Hudson(38)



I need to focus on that, focus on the real, and abandon thoughts of the impossible.

I brush a kiss on her forehead. “I need to order dinner. Chinese okay?”

“Sounds delicious.”

She stretches and her tits pop out from under the covers. They’re gorgeous and are distracting me from food, but Alayna works later and I need to take care of her. “I’ll call it in.”

I feel her eyes on me as I leave the room, and I very nearly let them pull me back to her. Except I’m a man of discipline. I can abstain from the things that I can’t have and Alayna Withers…I can only have her in this way—in measured doses. In fragments of time.

But when I am with her, I will be with her completely.

I make the call to the Chinese place on the corner. They’re on speed dial and know me well.

Then I take a few minutes to gather my thoughts, to remind myself of the games I’m playing and the games I refuse to play. When I return, I need to distance myself from her. This evening can’t be construed as anything but what it is—a simple f**k. She can’t believe there is anything more to my desire than that.

Because there’s not. I won’t let there be, no matter what ideas are shaping in my mind.

I collect the clothes we’d discarded earlier in the living room, not letting my mind recall the details of the hot memory. When I return to my room, she’s half-dressed. It should be a good thing—she understands exactly what this was supposed to be and she isn’t cleaving to the physical act, making it something meaningful, like most women would.

And I’m disappointed.

“You’re getting dressed?”

I’ve startled her. She covers herself with her arms, hiding from me. I don’t like her hiding.

But that’s not a fair thing to want. Not when I’m hiding. From everyone. From her.

Still, I can’t let her go.

I throw the shirt and tie onto the laundry basket and strike a stern pose. “Are you in a hurry to leave?” My gaze travels the length of her body—her well-toned legs, her trimmed *. My cock twitches with arousal.

She shivers and I wonder if she’s cold or if she can sense my want.

Then she looks away and I realize she has no idea how she affects me. It’s insane that a woman so intelligent can’t see the obvious.

“Guys don’t usually want me to hang around after sex,” she says.

I’m ripped apart by her words. “That statement brings up so many issues for discussion that I don’t know where to begin.”

She’s perfect and men have turned her away? I step toward her on impulse. “What is wrong with men to not…?” I can’t finish the statement. Because I should be turning her away. Because sentences like that are too close to sharing emotions. Because thinking of her with other men makes my gut twist.

Yet, I have to say something. “Alayna, please don’t group me with other guys you know. I’d like to think I’m not like most of them. And I don’t want to know or think about you having sex with other men. I don’t share.”

She doesn’t meet my eyes, but I can tell she likes what I’ve said.

“That sounds awfully relationship-y to me. I thought you didn’t do relationships,” she says as she tugs on her shorts.

It’s not a challenge—she’s feeling out the boundaries of what’s going on with us. I admire her for that. “I don’t do romantic relationships. Sexual relationships are another thing entirely. Why are you getting ready to leave?”

She reaches for her shirt, but I beat her to it. “Stop,” I say, holding her shirt out of her reach. I put my finger under her chin, tilting her to meet my eyes. It’s an intimate gesture—almost too intimate. Lost in her eyes, I say the words I shouldn’t but that can’t bear to be held inside. “I want you to stay.” I add my addendum so that my plea doesn’t get misconstrued—by her or by me. “And, if you are so inclined, I’d prefer that you not be dressed.”

She’s stubborn. Or cautious. “You’re dressed.” She crosses her arms over her chest again and thrusts out her lip in such a way that it takes all my energy not to lean forward and nibble on it.

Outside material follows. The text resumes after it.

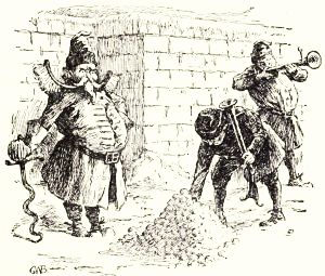 "Lower your lantern down here and we'll see. He's asleep over here in a brass bedstead," replied the other.

“As soon as the food’s here, I’ll be happy to lose the clothing. Would that make you feel better?” It would help me to be naked with her. This strange energy between us is wearing on me. The physical is what I have to give her. I need to bring that back to the forefront of our relationship.

“Yes,” she answers, and I’m relieved.

But then she changes her mind. “I don’t know.”

I brush my hand against her cheek. Other women are so easy to read, so easy to manipulate because I understand what they’re thinking. But Alayna—she’s different. And all I know is that I have to have more of her. “What’s going on inside your head, precious? Are you going to run off every time we have sex?”




She turns away from me. “I hadn’t really thought this would be more than a one-time thing, Hudson.”

Honestly, I’d thought that I could get her out of my system easier than this myself. But I can’t. I need her in a way that I can’t fully understand.

And something about the way we connected makes me think she feels the same. So why is she running?